* _TASK DIRECTIONS_: The answer must consist only of the lines in the records below from the line with "Figure 10 shows" to the line with "På sommerhusets badeværelse", both included, copied word for word with every picture left out.

* _RECORDS_:
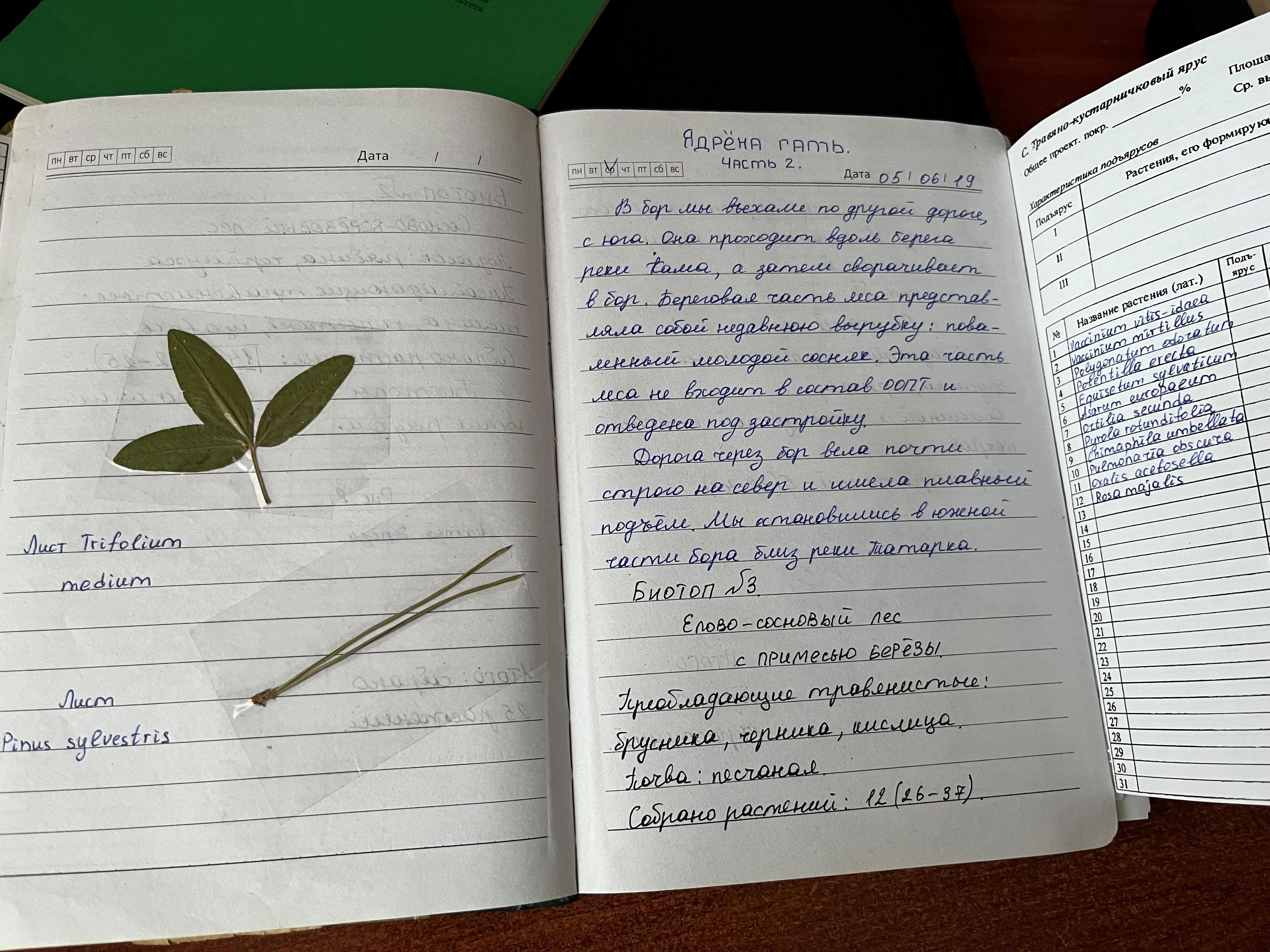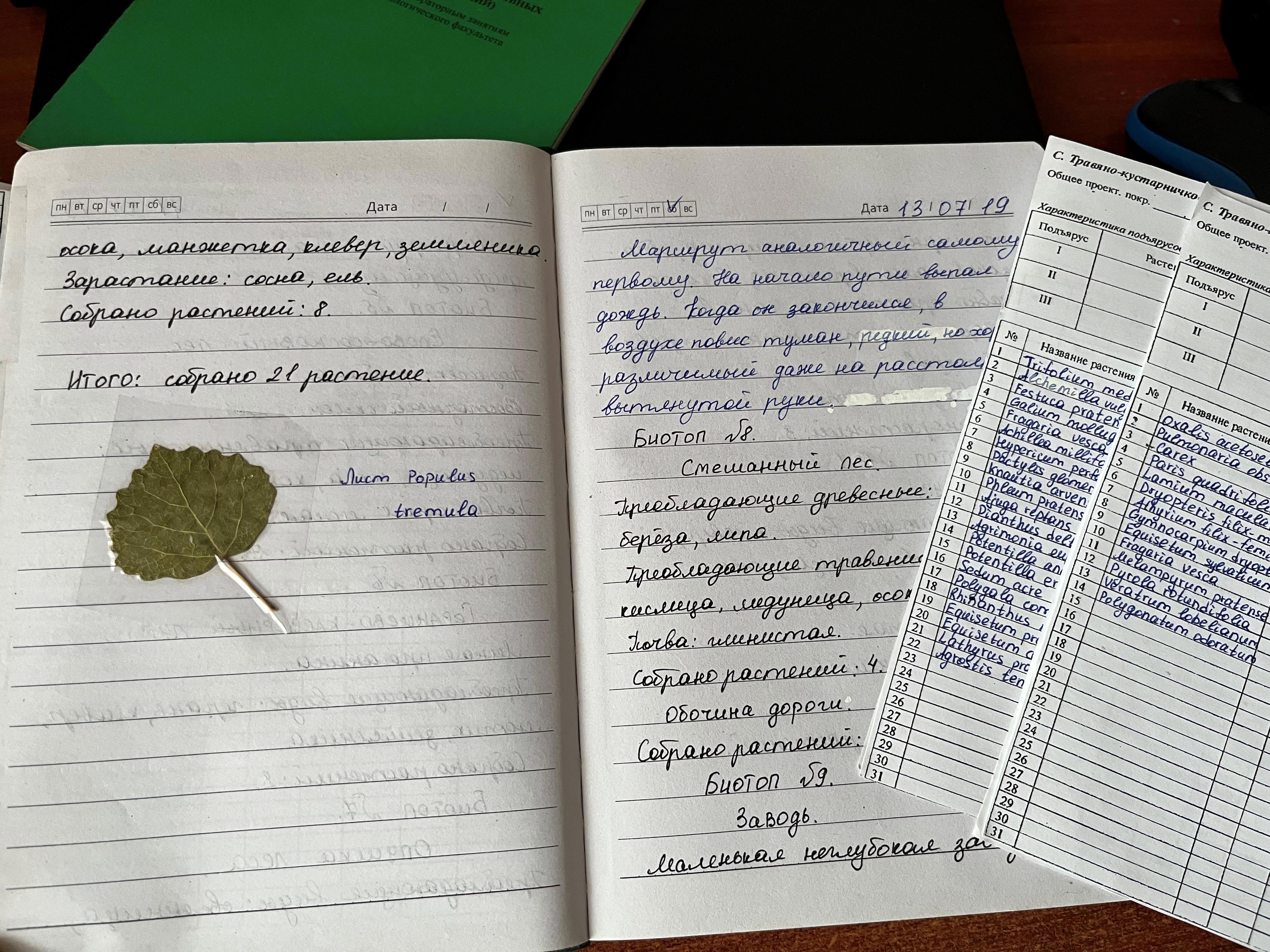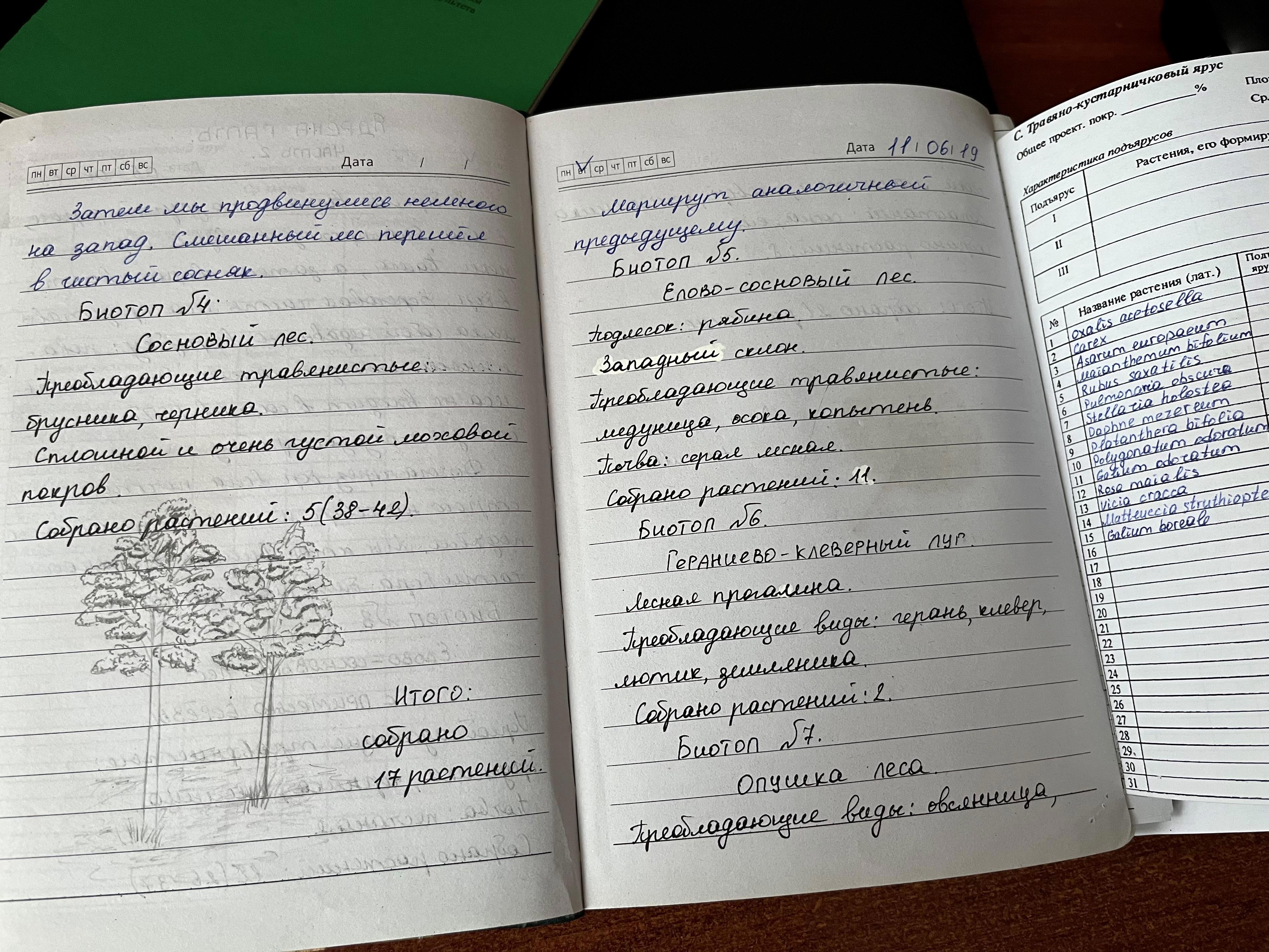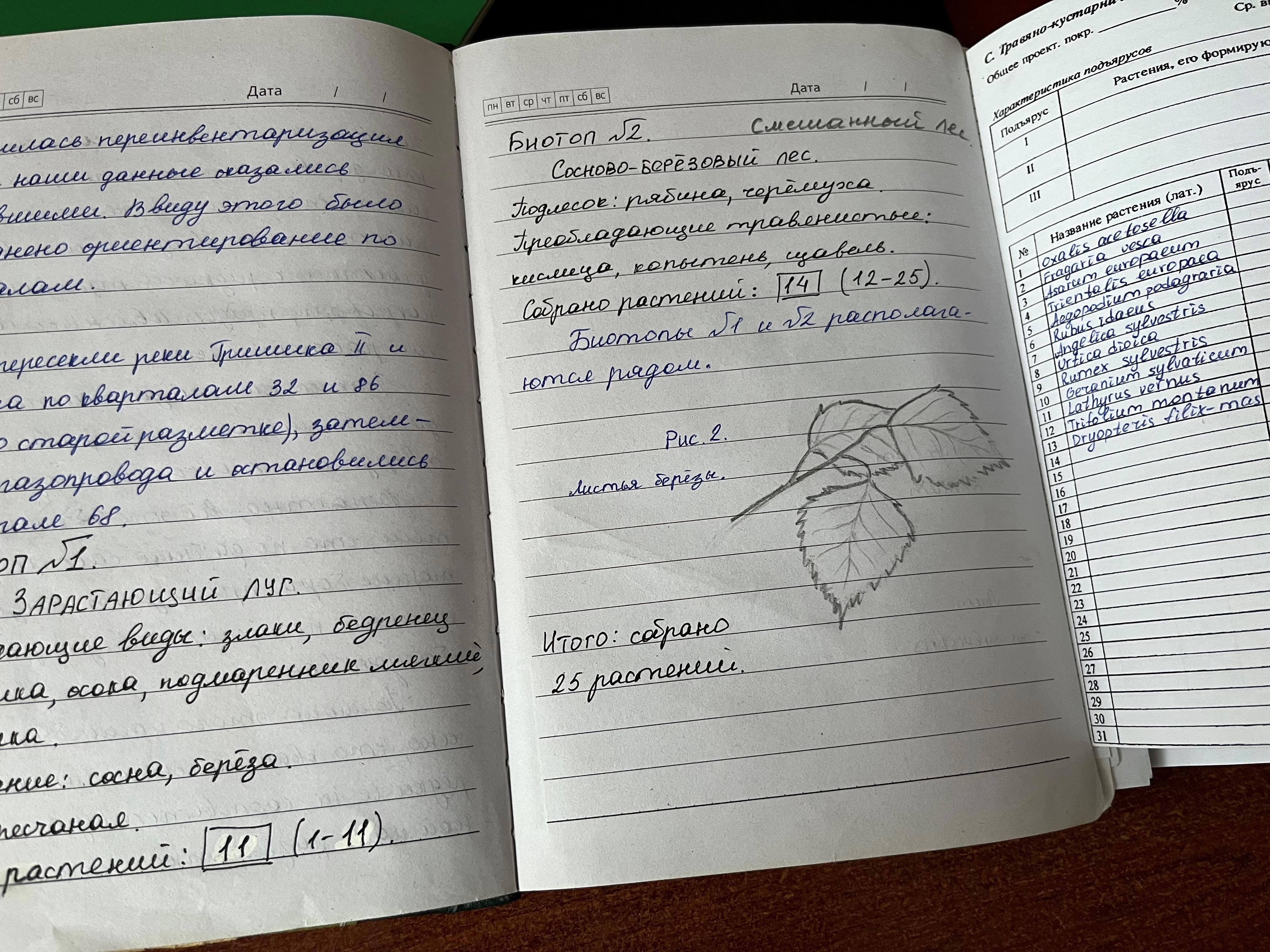Я описывала биотопы (какие растения там есть) и собирала гербарий.
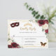 Burgundy Ivory Floral Quinceañera Butterflies Mask RSVP Card
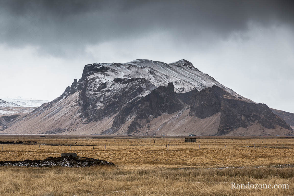 Sur la route, je profite de ces paysages islandais uniques au monde avec en plus cette touche blanche de neige sur certains sommets. Un peu plus loin, la neige est de plus en plus présente. On alterne entre des averses de pluie, du soleil et même un peu de neige. Le séjour s’annonce très bien. La météo prévue est assez clémente avec des alternances de nuages et d’éclaircies et quelques chutes de neige aux endroits où nous serons.
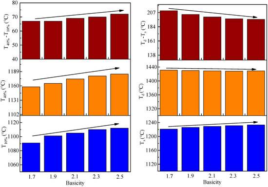 Figure 10 shows the softening-melting properties of the HCVTM sinter with different basicity. The T10% increased from 1091 to 1112 °C and the T40% increased from 1158 to 1184 °C with the basicity increase. The ΔT1 increased from 67 to 72 °C. The Ts decreased from 1241 to 1233 °C and Td decreased from 1431 to 1429 °C with the basicity increase. The ΔT2 decreased from 210 to 196 °C. The ΔPm increased from 10.6 to 14.5 kPa.
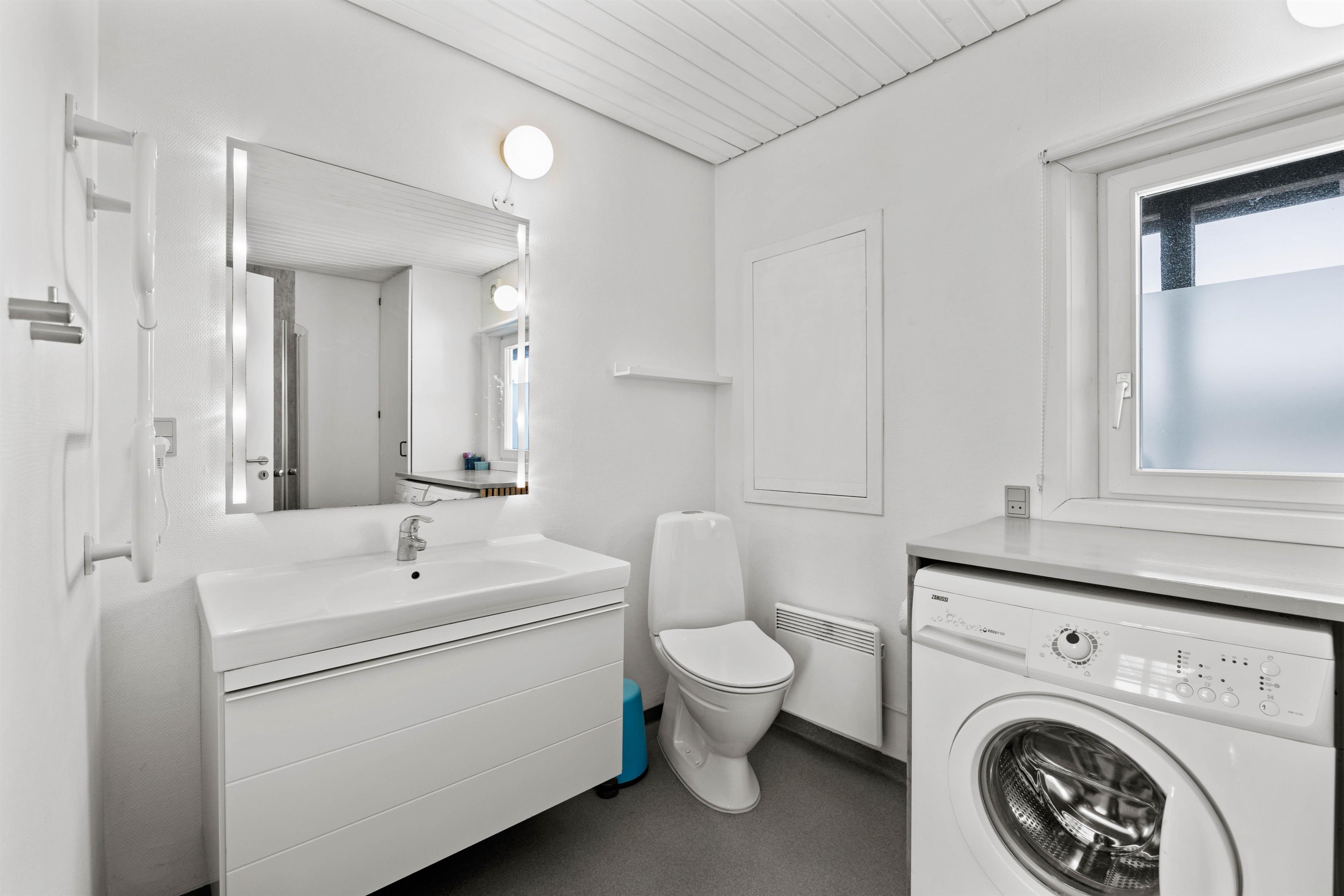 På sommerhusets badeværelse er der en vaskemaskine, så I har mulighed for at vaske lidt tøj eller håndklæder i løbet af jeres ferie.
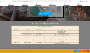 d’accéder aux sections principales : Mission, Régions, FAQ, Contact et Member. La page Mission propose un tableau structuré des sites touristiques,
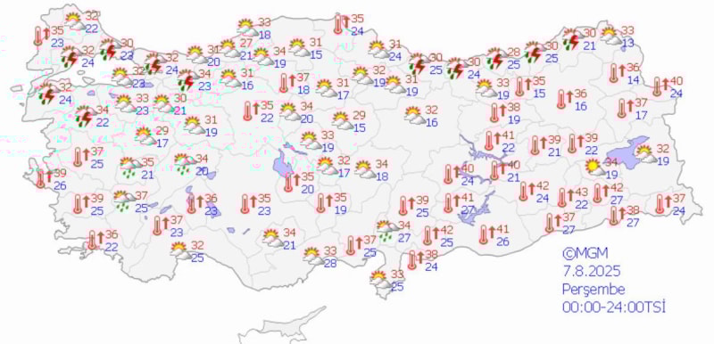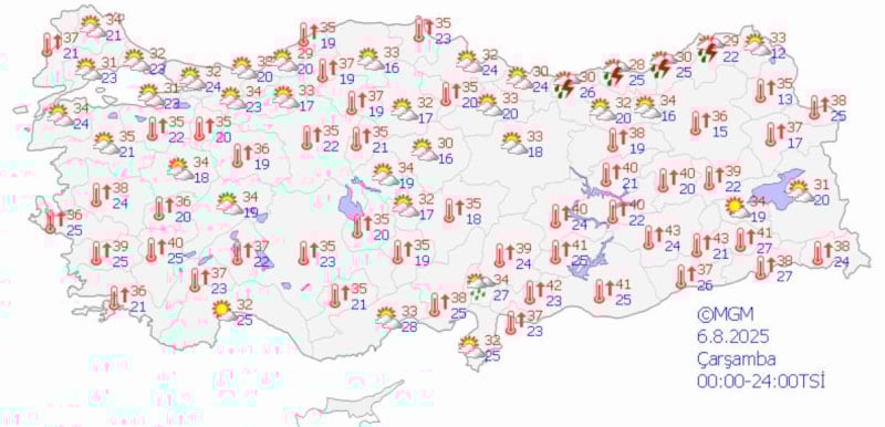Yurt genelinde günün en yüksek sıcaklığı, 44,7 dereceyle Şırnak Cizre'de ölçüldü. Bunu Siirt'in Kurtalan ilçesi 42,3, Diyarbakır'ın Bağlar ilçesi ise 42,2 dereceyle takip etti.

* _SOLUTION TO THE EXERCISE_:
 Figure 10 shows the softening-melting properties of the HCVTM sinter with different basicity. The T10% increased from 1091 to 1112 °C and the T40% increased from 1158 to 1184 °C with the basicity increase. The ΔT1 increased from 67 to 72 °C. The Ts decreased from 1241 to 1233 °C and Td decreased from 1431 to 1429 °C with the basicity increase. The ΔT2 decreased from 210 to 196 °C. The ΔPm increased from 10.6 to 14.5 kPa.
 På sommerhusets badeværelse er der en vaskemaskine, så I har mulighed for at vaske lidt tøj eller håndklæder i løbet af jeres ferie.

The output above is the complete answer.